Category Archives: Book Review

Nisid Hajari’s Narrative of India’s Partition Leaves Much to be Desired

India’s partition, or the last bloody gift of the not so benevolent British rule, is one of those events that echo through history and haunt the present. You cannot understand the geopolitics of the region without understanding the precipitating event that lead to the birth of the two countries.

I started reading Nisid Hajari’s Midnight’s Furies on the partition of India,  because of the glowing reviews it had received. I have made it up to a hundred pages so far. To say that it is flawed doesn’t even begin to cover my annoyance with Hajari’s narration. My critique is based on the first 100 pages of Furies and his essay on India’s partition. Here are the reasons why:

1. The moral equivalence between the case for a pluralistic India vs. an exclusionary Pakistan based solely on religion.

2. Gossipy narration worthy of supermarket tabloids, to wit, Nehru liked buxom women, well him and a majority of the male populace. This hardly counts as an insight or even an interesting factoid.

3. The British only provide the backdrop to the melodrama between Mohandas Gandhi, Mohammed Ali Jinnah and Jawaharlal Nehru, Hajari absolves them of all agency and responsibility.

4. Getting the basics wrong, like the meaning of Satyagraha.

Satyagraha is literally soul force.

It is literally not. “satya” = truth “agraha” = insistence. In other words, Satyagraha is the insistence on truth no matter the consequences.  I can almost imagine Yoda-Gandhi saying to Skywalker-Nehru,

May the soul force be with you.

BTW. what is RSSS? Rashtriya Swayamsevak Sangh is usually abbreviated as RSS not RSSS

5.  Flowery language, top heavy with adjectives.

Several of the Muslim conquerors who had dominated India before the British had brutalized their defeated Hindu foes, massacring thousands and demolishing their flower-strewn temples.

What does this even mean?  I have been to several temples, they are seldom flower strewn, the only flowers one usually finds are on the deity behind the altar.

6. Criticizing leaders of the past based on their followers in the present.
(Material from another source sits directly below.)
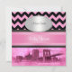 Skyline Brooklyn Bridge, Boat Invitation Suite, Padrão Chevron Preto e Rosa - Convite para Chás de fraldas Convites Personalizáveis e acessórios em East River, com Vista da ponte municipal Brooklyn Nova Iorque passando por um barco. Ele também apresenta um padrão de fevron rosa e preto, uma fita rosa e preta e uma etiqueta de gradiente branco na sua escolha de uma moldura de pérola de aparência dourada ou prateada. a imagem está em tons de rosa em um fundo angustiado. Este produto faz parte de um conjunto de designs correspondentes que são facilmente personalizáveis para muitas ocasiões e eventos. Se você precisar de placas RSVP separadas, Obrigado, Notas, Carimbos, ímanes, etiquetas de favorecimento, cartões de escolta, etiquetas de vinho, menus, programas de eventos ou outros acessórios, por favor veja nossas outras listas. Se você quiser ver este design em cores diferentes ou com elementos que você vê em algumas de nossas outras designs, se você quiser com diferentes fotos do NYCisMyMuse que você vê em nossa loja, ou se você precisar de um produto correspondente que você não encontrar listado, entre em contato conosco e ficaremos felizes em acomodá-lo. Além disso, se precisar de outra ajuda para personalizar o seu design, por favor, avise-nos. Observe que este é um design gráfico e não contém tecidos, fitas, metais, joias, gravuras ou gravuras reais. 2012 ©NYCisMyMuse

Equally troubling was the moral cover the Mahatma granted his longtime followers Nehru and “Sardar” Vallabhbhai Patel — a Gujarati strongman much admired by Modi, who also hails from Gujarat and who served as the state’s chief minister for over a decade. Echoing Gandhi’s injunction against pushing anyone into Pakistan against their wishes, Nehru and Patel insisted that the huge provinces of Punjab and Bengal be split into Muslim and non-Muslim halves, with the latter areas remaining with India.

Considering what happened to East Pakistan in 1971 and the travails of Pakistan’s other minorities, Patel and Nehru’s actions seem particularly prescient.  I also have no idea what Narendra Modi has to do with any of this.

7. Too much focus on personalities, too little on the events and imperatives, not to speak of the history, that lead to the partition. Some background into the formation of the Muslim League would have been helpful. Shorter Hajari, If the main personalities in the conflict got along better, everything would have been fine. This approach strikes me as ahistorical and wrong. You cannot expect to understand the events of 1946-47 if you have no idea what went on before. Jinnah’s personal history including the difficult relationship with the Congress leaders, is not enough to understand the demand for Pakistan.

8. I have saved the best or should I say worst of all, leaps of logic that leave you scratching your head, like blaming the leaders of the Indian Independence Movement for the mess that Pakistan is currently in.

But however exaggerated Pakistan’s fears may be now, Indian leaders bear great responsibility for creating them in the first place.

So are the ghosts of Gandhi, Nehru and Patel compelling Pakistan to perform self destructive deeds from beyond their grave?

However, I do have to give Hajari’s book credit for making me want to dig deeper about the history of the partition and case for Pakistan. While doing that I came across a better narrator, B. R. Ambedkar, the father of the Indian Constitution. Ambedkar like Jinnah had locked horns with Gandhi on several occasions and they did not see eye to eye on many an issue. So, Ambedkar is as close to a neutral party as one can get in this saga, who was also an eye witness and a participant to the major political struggles that ultimately led to the division of India.

B. R. Ambedkar’s remarkable commentary on the case for Pakistan written was written in 1940, it is hosted on Columbia University’s website. Ambedkar, an alumnus of Columbia besides being a prolific writer was an  economist and a lawyer by profession. My thoughts on Ambedkar and his commentary has to wait for another post.